PROFESSIONALS

Charles A. Hafner

Partner
blank image Charles A. Hafner
10 South Wacker Drive
36th Floor
Chicago, IL 60606, US

T: 312.585.1420 F: 312.585.1401
Charles focuses his practice in the areas of insurance coverage counseling, litigation, and appeals, representing insurers in state and federal courts nationwide.

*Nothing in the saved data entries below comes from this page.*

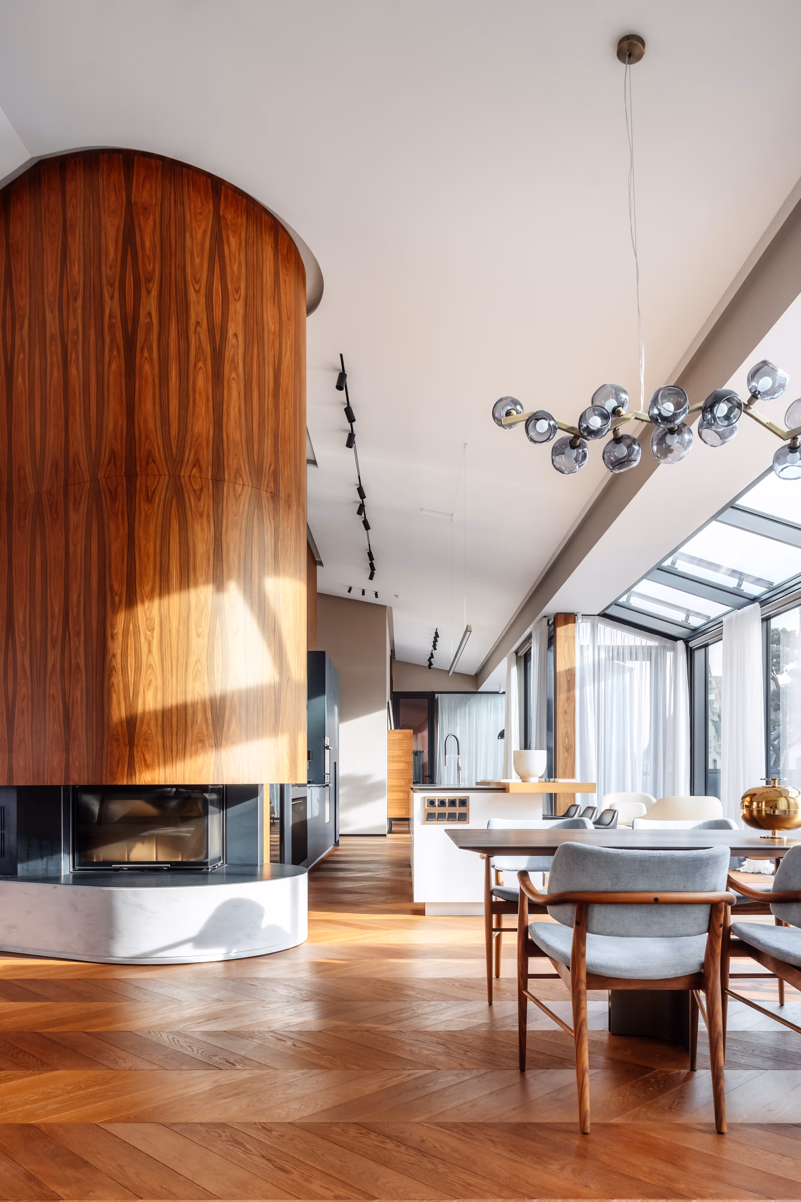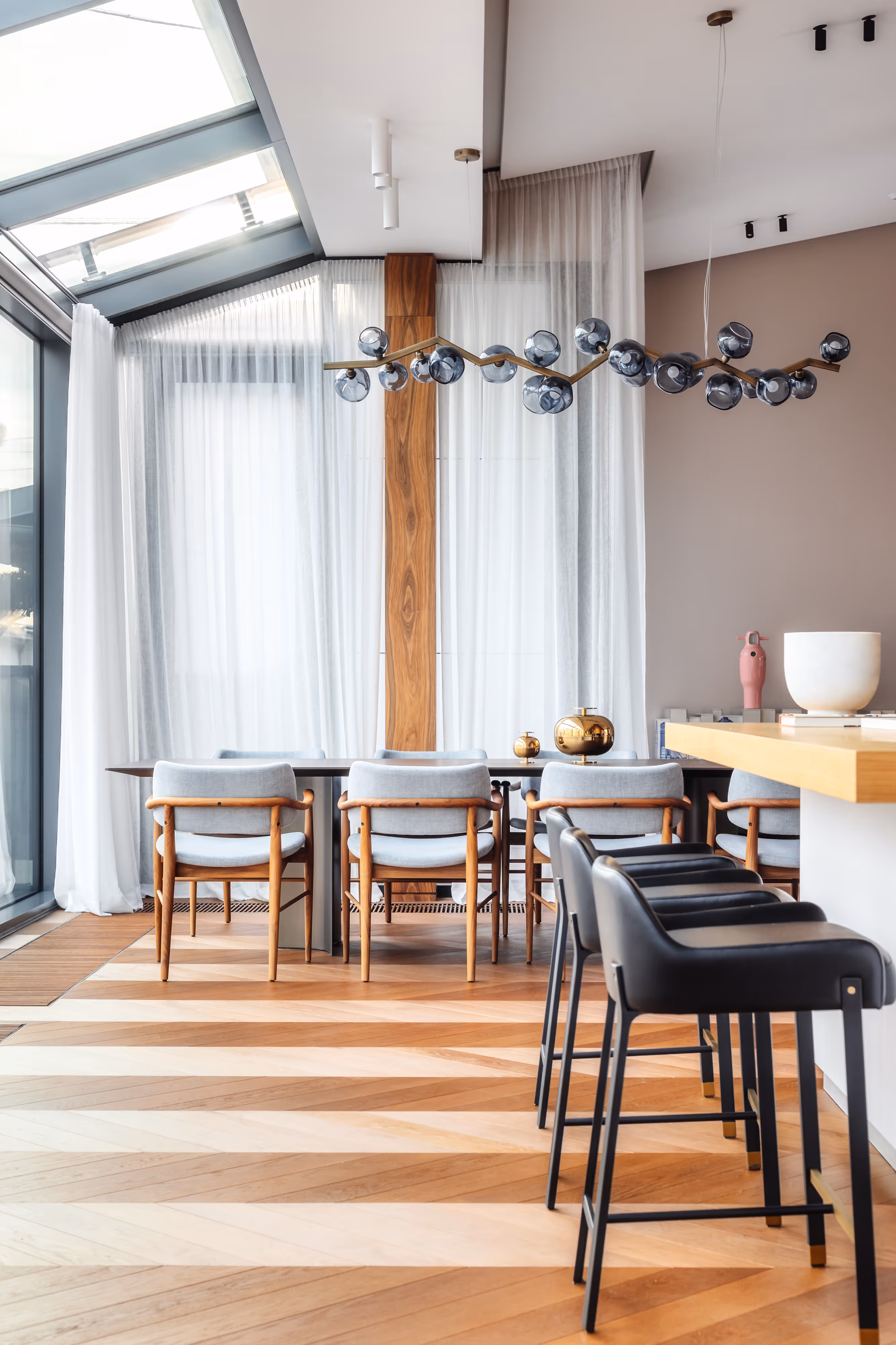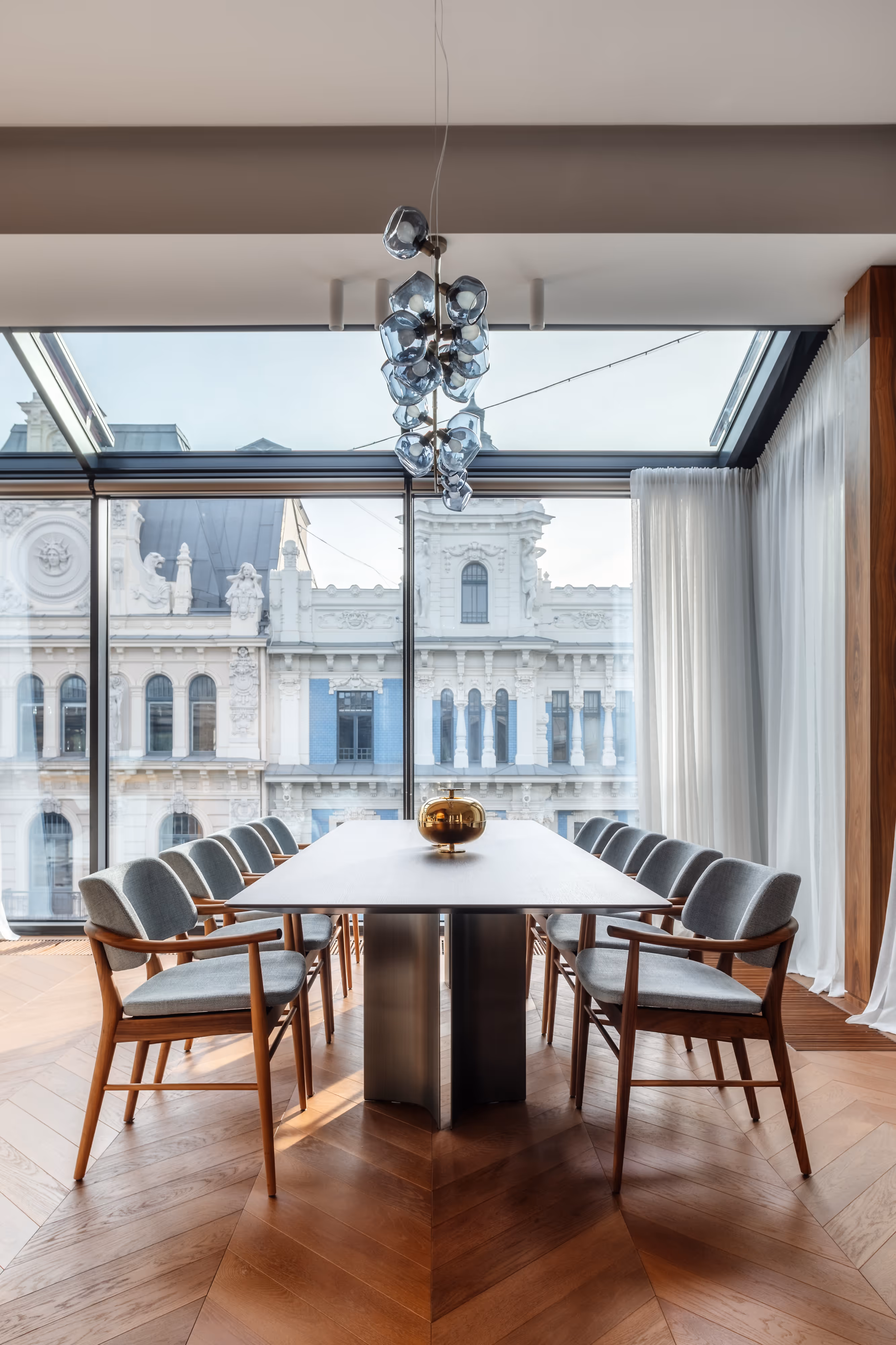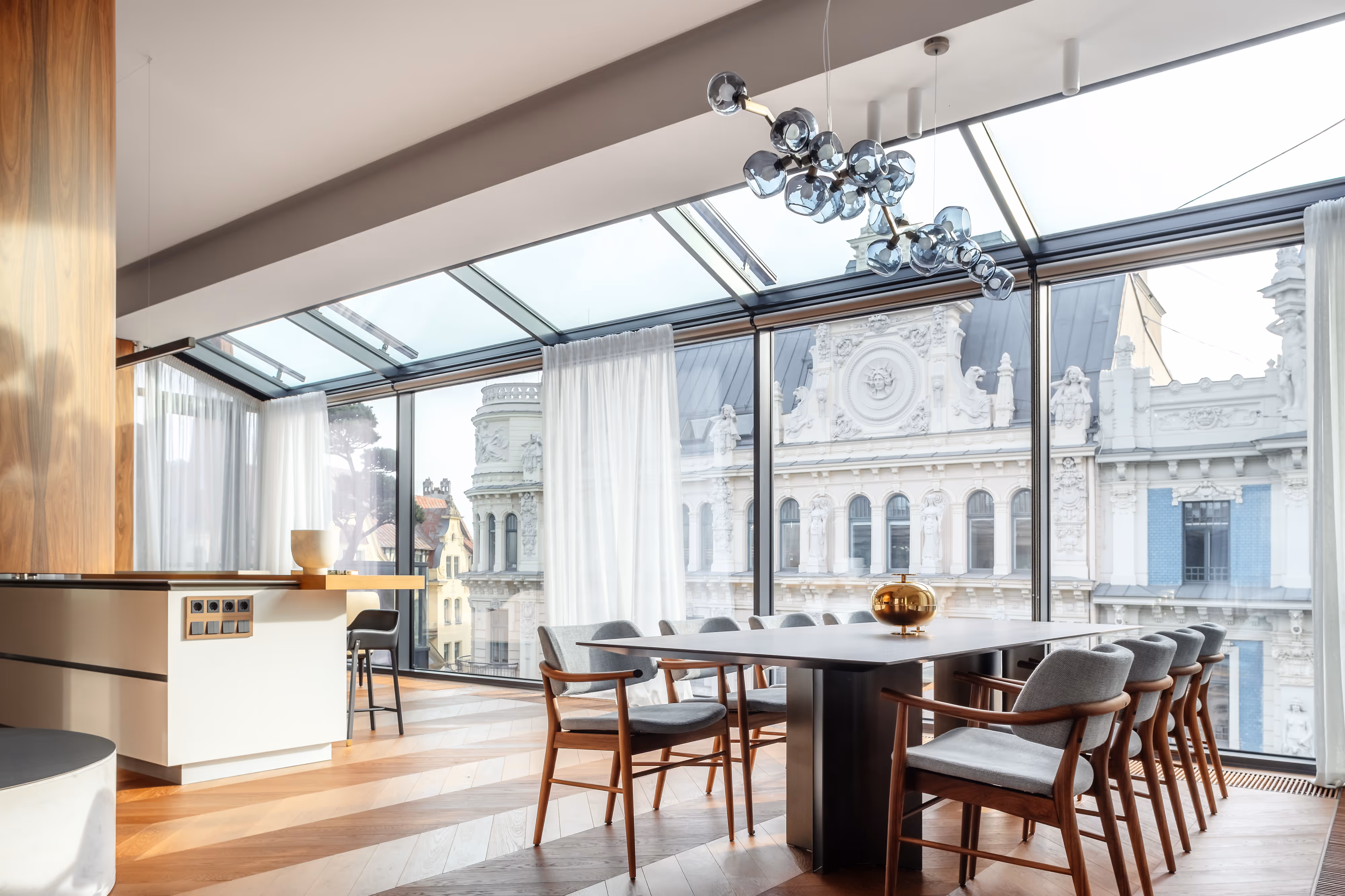 The interior revolves around panoramic windows that open to captivating façades and fill the space with the natural rhythm of the city.
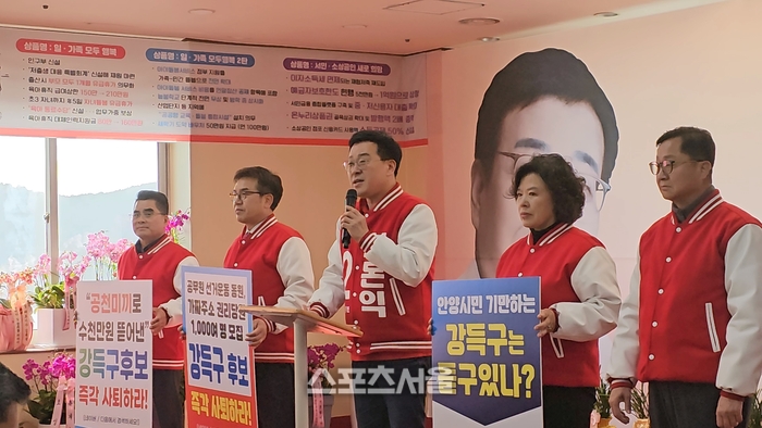 〔스포츠서울│안양=좌승훈기자〕4.10총선 경기 안양시 만안구 국민의힘 최돈익 예비후보는 15일 자신의 선거사무소에서 기자회견을 열고 상대당 예비후보인 더불어민주당 강득구 의원의 선거 부정 및 조작, 정치자금법 위반과 관련 “강 후보의 자진 사퇴와 당국의 철저하고 신속한 수사”를 촉구했다.
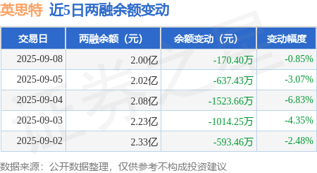 证券之星消息,9月8日,英思特(301622)融资买入1748.31万元,融资偿还1921.96万元,融资净卖出173.65万元,融资余额2.0亿元。

For over 15 years, Charles has counseled clients on complex insurance disputes arising from a variety of subject areas, including: 

  • Appellate
  • Bad Faith
  • Commercial Transportation
  • Construction Defect
  • Environmental/Toxic Tort
  • Managed Care & Health Care
  • Primary & Excess General Liability
  • Professional/Management Liability


Charles also has significant experience with coverage issues arising under public and non-profit entity, healthcare and managed care, and financial lines policies.

Memberships

  • Chicago Bar Association

Awards & Rankings

  • Illinois Super Lawyers® (Insurance Coverage), 2022 - 2024

Before Nicolaides

Before joining the firm, Charles was first an associate and then a partner at a Chicago insurance coverage firm, focusing his practice in insurance coverage counseling, litigation, and appeals. Charles began his legal career as a clerk to the Illinois Appellate Court, Fourth District.

Outside Nicolaides

Charles is an accomplished amateur cook and has a particular knack for finding excellent restaurants in any city in America. Charles is a permanent volunteer at Chicago’s Garfield Park Conservatory, and enjoys hiking, skiing, and fly-fishing.

EXPERIENCE
  • Obtained partial summary judgment for insurer finding that Illinois law applied to policies issued to Illinois-based insured even though accident occurred at insured's facility in Mississippi.
  • Secured summary judgment for insurer finding that insured's $150 million settlement of claims arising under Louisiana PPO statute, including attorneys' fees award, were "penalties" not covered under healthcare E&O policy on the basis that the statutory awards were not connected to actual damages suffered by claimants.
  • Obtained summary judgment in favor of excess insurer on grounds that insured's notice of lawsuit three days before trial breached the policy's timely notice condition.
  • Obtained favorable, unanimous decision from arbitral panel finding no coverage for $25 million claim for alleged "property damage" to coke oven batteries.
  • Obtained judgment for insurer in declaratory judgment action on basis that insured's subsidiaries, formed after policy expiration, could not retroactively be deemed insureds.
  • Obtained summary judgment, affirmed by the Third Circuit, that insurance policy owed no obligation to reimburse insured $16.8 million in attorneys' fees incurred to defend litigation against tobacco company.
  • Obtained judgment for insurer in declaratory judgment action involving issues of first impression under Delaware law with respect to scope and limits of coverage available to an additional insured.
  • Obtained summary judgment in favor of excess insurer that late notice of catastrophic bodily-injury lawsuit precluded coverage.
  • Advised domestic insurer covering worldwide activities of secretive religious organization on widely publicized, high-exposure sexual abuse claims brought by multiple victims in the UK and Argentina, and assisted insurer with development of a protocol for handling anticipated future claims.
  • Advised domestic insurer client and Japanese attorneys on strategy for coverage dispute litigated in Japan under policies with non-specific "U.S. law" choice of law provisions. The insured supplier of component parts for water heaters faced multi-million-dollar exposure as a result of product defect claims by both the water heater manufacturer and consumer end users.
  • Advised domestic insurer and counsel based in the United Kingdom on coverage issues arising out of defamation lawsuit filed against labor union by a well-known owner and operator of casinos.
  • Represented excess insurer in coverage litigation relating to correct policy attachment point for lawsuit in Wyoming against the insured coal company's supervisory employees; underlying Wyoming lawsuit resulted in first impression decision by the Wyoming Supreme Court finding conduct falling short of intent to injure satisfied the state's statutory "intentional act" exceptions to worker's compensation exclusivity.
  • Advised excess insurers on coverage obligations and restatement of limits issues arising out of a) Sago Mine disaster in 2006 that resulted in the death of 12 miners, and b) Upper Big Branch explosion incident that resulted in deaths of 29 coal miners in April 2010. The Upper Big Branch incident remains the worst mining accident in the U.S. since 1970 in terms of fatalities, and was preceded for that distinction by the Sago Mine disaster.